STC Number - 116

FMD restrictions

Maintained by: Colombia
Raised by: Argentina
Supported by:
First date raised: March 2002 G/SPS/R/26, paras. 18-19
Dates subsequently raised: June 2002 (G/SPS/R/27, paras. 44-45)
November 2002 (G/SPS/R/28, paras. 56-58)
April 2003 (G/SPS/R/29, paras. 74-75)
June 2003 (G/SPS/R/30, para. 44)
October 2003 (G/SPS/R/31, para. 37)
Number of times subsequently raised: 5
Relevant documents: Raised orally
Products covered: 0201 Meat of bovine animals, fresh or chilled.; 0202 Meat of bovine animals, frozen.
Primary subject keyword: Animal Health
Keywords: Animal health
Status: Resolved
Solution: Restrictions lifted on bovine meat from Argentina
Date reported as resolved: 01/10/2003

Extracts from SPS Committee meeting summary reports

Argentina reported that Colombia had restricted imports of certain products from Argentina on 26 September 2001, after the FMD outbreaks in Argentina. Colombia had agreed to accept Argentine products for which risk mitigation techniques could be applied according to the OIE code, and on 17 October 2001 had published new measures specifying those processed products which could be imported. An inspection visit by the Colombian sanitary services in late October 2001 complemented the information provided by the Argentine services. However, Argentina was unable to export the products in question due to continued information requests from Colombia. Colombia noted that it had replied to comments and questions from Argentina in November 2001 and March 2002. Argentina did not have establishments authorised by the Colombian Livestock Institute (ICA) to export risk products to Colombia. Colombia was considering the process and production methods at Argentine establishments to inactivate the virus in risk materials, and if satisfactory, Argentine establishments would receive the necessary ICA authorization.
In June 2002, Argentina indicated that its exports continued to be restricted. Colombia recalled that no plants in Argentina were currently certified to export to Colombia. However, Colombia had identified 10 plants in Argentina for which it needed to update information, and another 38 plants which it proposed to visit for the first time. Only 21 of these establishments had provided the information needed for the Colombian Agricultural Institute to undertake certification visits.
In November 2002, Argentina noted that Colombia continued to prohibit Argentine meat despite the fact that there had been no new outbreaks in Argentina for nine months.
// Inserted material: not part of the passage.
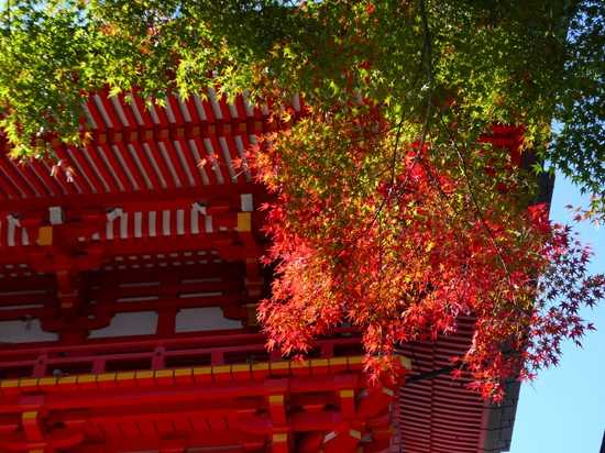 本数は多くないが、朱塗りの楼門に映える紅葉があった。

Colombia still had not carried out inspections of 21 packing plants which Colombia claimed was necessary before trade in beef meat could resume. Colombia stated that Argentina had blocked imports of fresh flowers from Colombia, and requested Argentina not to link these two issues. Argentina indicated that there was no linkage to Colombian flowers, and asked Colombia to provide information as to whether it would carry out the veterinary inspections in Argentina so that beef meat exports could resume.
In April 2003, Argentina noted that it had not received a reply from Colombia on the completed questionnaire concerning chilled products. No in-situ inspections had taken place that would lead to a lifting of these restrictions nor had Argentina received any requests for further information. Noting Colombia's concern over cut flowers, Argentina stated that it did not maintain any restriction on the import of flowers from Colombia. Colombia stated that it enjoyed a favourable FMD situation but allowed the importation of low risk products. High risk products, however, were banned from Argentina and this was notified to the WTO. Establishments of origin had to be authorized by the Colombian sanitary service and a programme of visits to Argentina had been planned. Information from Argentine authorities was required with regard to the serological and epidemiological assessment of FMD, vaccination coverage, and the dates on which the status of disease freedom both with or without vaccination were achieved. Colombia considered the Argentine decision to suspend the import of cut flowers in November 2001, without a WTO notification, to be unjustified.
In June 2003, Argentina reported that progress had been made and that inspections of Argentine meat plants by Colombian officials were being planned. Colombia noted that once the necessary information was provided by Argentina, Colombian authorities would carry out the necessary missions. The good progress in the case of bovine exports from Argentina to Colombia was similar to the progress made on the issue of flower exports from Colombia to Argentina.
In October 2003, Argentina reported that the issue had been resolved at the end of September 2003, and that Colombia had eliminated its restrictions. Colombia confirmed that the issue had been resolved, and that exports of flowers from Colombia to Argentina had also been discussed during the meeting.